И я тут же представил Бога. Он хватает грешников, затем отрывает им руки и ноги. Когда видел на улице увечного попрошайку, безногого, безрукого, без глаза или с обрезанными ушами, то сразу понимал – грешник! Его Бог покарал. Он что-то украл или не был почтителен к старшим, молитву вовремя не прочитал, к мессе не явился, монаху милостыню не подал, господину не поклонился или еще того хуже – выпрашивал кусок сыра! Господь наш сорок дней в пустыне постился, крошки хлеба не вкушал, воды не пил, а мы – дети Сатаны, плоды греха – только о том и думаем, как бы животы набить. Я плохо понимал, о чем нам толкует по воскресеньям кюре, есть очень хотелось, но одно уразумел: я – грешник. В чем моя вина и каков мой грех, я не знал, мал слишком, чтобы искать ответы, просто чувствовал – виноват. Грязен, ущербен и плох. Есть те, кого Бог привечает, а есть те, кого отвергает. Вот я среди вторых. Задумка дьявола. Я смирился с этим и не задавал вопросов, да и не умел их задавать. Только иногда по ночам к сердцу подкатывала тоска, и я плакал от странной, узаконенной несправедливости. Вокруг пустота. Она населена людьми, но ты для них как будто невидим. И твой голос никто не слышит. Хотя ты можешь кричать. Но это не поможет.
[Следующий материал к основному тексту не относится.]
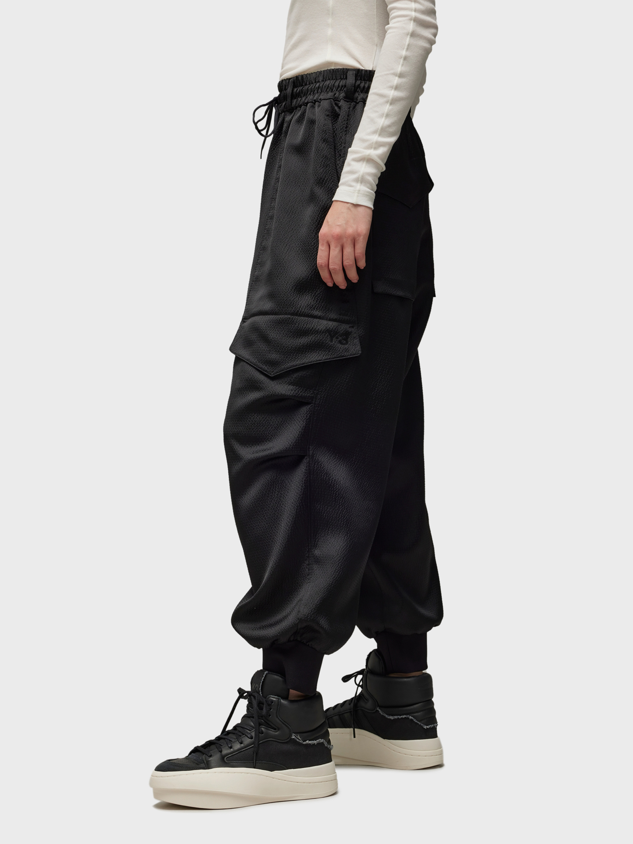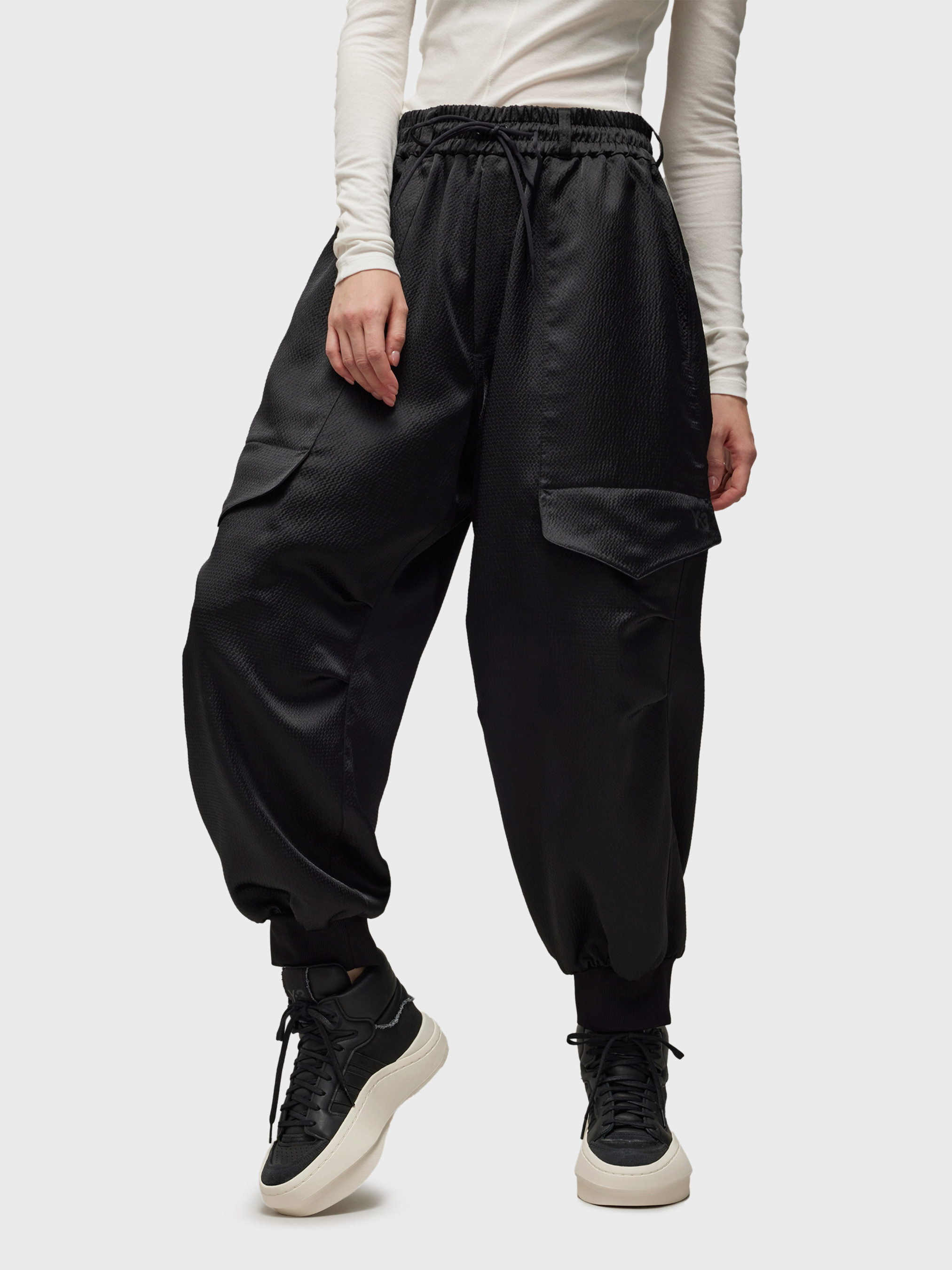 Характеристики Атлас: 100% перероблений поліестер Бічні і задні кишені Накладні кишені Стандартний крій Ширінка на блискавці та шнурок на еластичному поясі Містить щонайменше 70% переробленої та відновлюваної сировини Логотип Y-3 Рифлені манжети Опис Утилітарна естетика надихнула на створення штанів-карго Y-3 Tech Seersucker. Вони зшиті з атласного сизалю з ледь помітним блиском і на дотик дуже м'які. Кишені-карго визначають силует, а ребристі манжети звужують крій. Еластичний пояс зі стягувальним шнурком регулює посадку. Обираючи вторинну переробку, ми можемо повторно використовувати вже створені матеріали, що допомагає скоротити кількість відходів. Вибір на користь відновлюваних матеріалів допоможе нам позбутися залежності від обмежених ресурсів. Наші вироби, виготовлені із суміші перероблених і відновлюваних матеріалів, містять не менше 70% цих матеріалів.
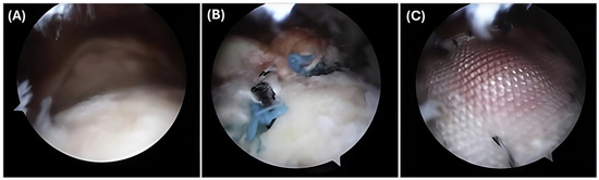 Right shoulder observed from the lateral portal. (A) Demonstrates a large tear at the level of the glenoid. (B) Rotator cuff repair prior to the addition of the synthetic PLLA scaffold. (C) Placement of the scaffold with medial sutures and anchors. Reprinted with permissions from [66].
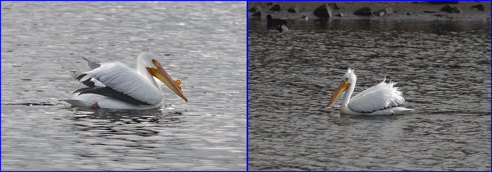 White Pelicans grow their bill knob for breeding season. It falls off after the eggs are laid.
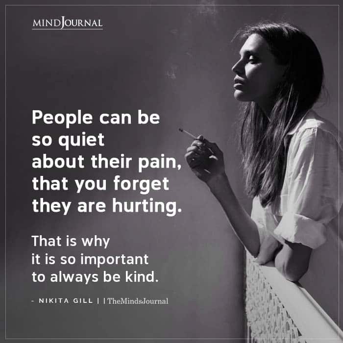 People can be so quiet about their pain, that you forget they are hurting. That is why it is so important to always be kind.
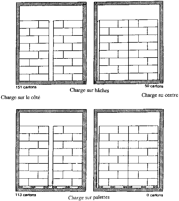 Quand on charge des cartons de tailles différentes ensemble, les récipients les plus grands et les plus lourds doivent être placés dans le fond. Il faut laisser des canaux parallèles pour permettre la circulation de l'air sur toute la longueur du chargement.
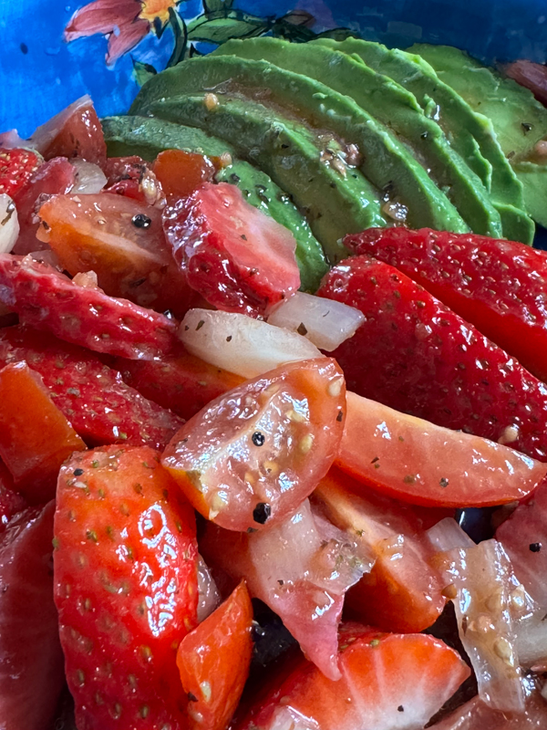 - Add the sliced strawberries and grape tomatoes to the saturated onions, toss well together. Let sit for a couple of minutes to soak in the vinaigrette.
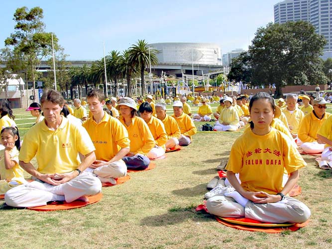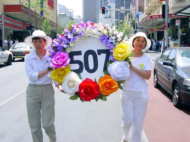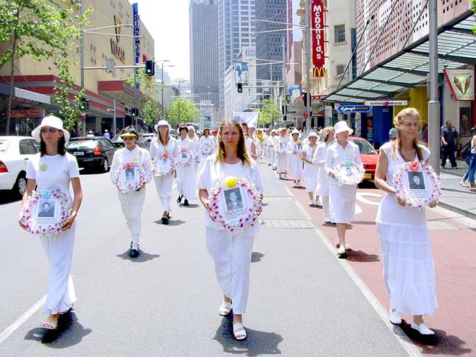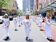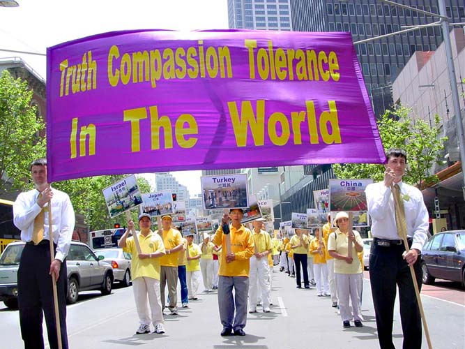 2002年11月9日中午12点多钟,千余名大法弟子在悉尼市中心举行了“世界需要真、善、忍”大游行。游行队伍从市政厅广场出发,沿乔治(George)街向南缓缓行进。游行队由五大部分组成,其中包括蓝底黄字大型英文横幅“世界需要真、善、忍”,26名分别身着唐装和仙女装服饰的大法弟子。大法弟子40人举着40张国家图片板;20人举着20种不同语种的“真、善、忍”标幅;在身着黄色、白色上衣的队列前面,在“真、善、忍在澳洲”英文横幅后,40人举着40个城市名牌板。
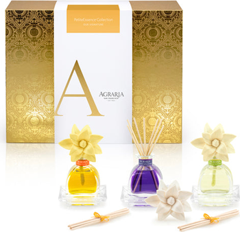 - Gold foil-lined gift box with: 3 PetiteEssence Diffusers: Each 1.7 oz/50 mL, 2” L x 2” W x 3.75” H
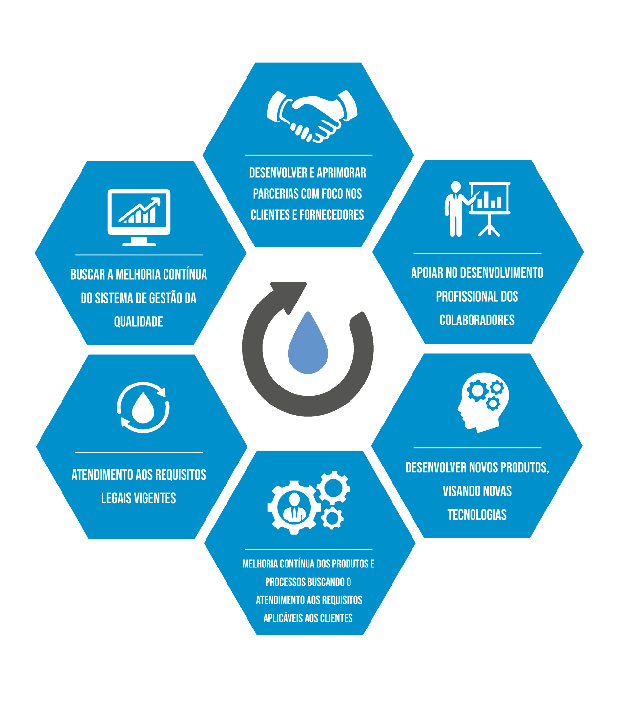 BOMSISTEMA®, atuante no projeto, desenvolvimento, fabricação e comercialização de bombas, tubos, conexões, incorporadores e componentes para pulverização agrícola e industrial, assume o compromisso de buscar o aperfeiçoamento do sistema de gestão da qualidade e processos, com foco nos seguintes objetivos:

Тебе прикажут молчать. Или в наказание запрут в чулан. Объявят упрямым и капризным. А если и дальше будешь хныкать, то лишат того скудного, пресного обеда, что дает тебе силы. А еще тебя выставят босым под моросящий дождь, и там ты будешь просить прощения и каяться. В чем? Это не имеет значения. Ты доставляешь хлопоты. Ты – бремя.
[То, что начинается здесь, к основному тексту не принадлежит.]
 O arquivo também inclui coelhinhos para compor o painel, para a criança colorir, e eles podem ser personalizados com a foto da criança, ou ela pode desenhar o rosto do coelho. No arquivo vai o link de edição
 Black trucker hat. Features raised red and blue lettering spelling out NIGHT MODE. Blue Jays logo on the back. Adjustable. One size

Когда мне исполнилось восемь лет, выплаты на сирот внезапно прекратились. Позже отец Мартин рассказал мне, что случилось это по причине убийства маршала д’Анкра и ареста его жены Элеоноры Галигай. Молочная сестра королевы-матери время от времени делала пожертвования монастырям и приютам. А некоторым пансионам, что принадлежали частным владельцам, она даже учредила что-то вроде ренты или пенсии. На каждого подкидыша выплачивалась определенная сумма. Половину суммы владелица оставляла себе за труды, а из другой половины оплачивала скудный рацион воспитанника. Но маршальшу отдали под суд, и выплаты прекратились. На следующий же день наша благодетельница снарядила одного из нас и увела с собой. На следующее утро повторилось то же самое. Еще один воспитанник исчез. Мы не знали, куда. Ушедшие с ней более не возвращались. Оставшиеся угрюмо теснились на лежанках, укрывались тряпьем, тихо всхлипывали. По детскому невежеству своему мы не воображали ее скидывающей маленькие тела в Сену, но нам было страшно. Что-то неведомое, темное клубилось по ту сторону ворот.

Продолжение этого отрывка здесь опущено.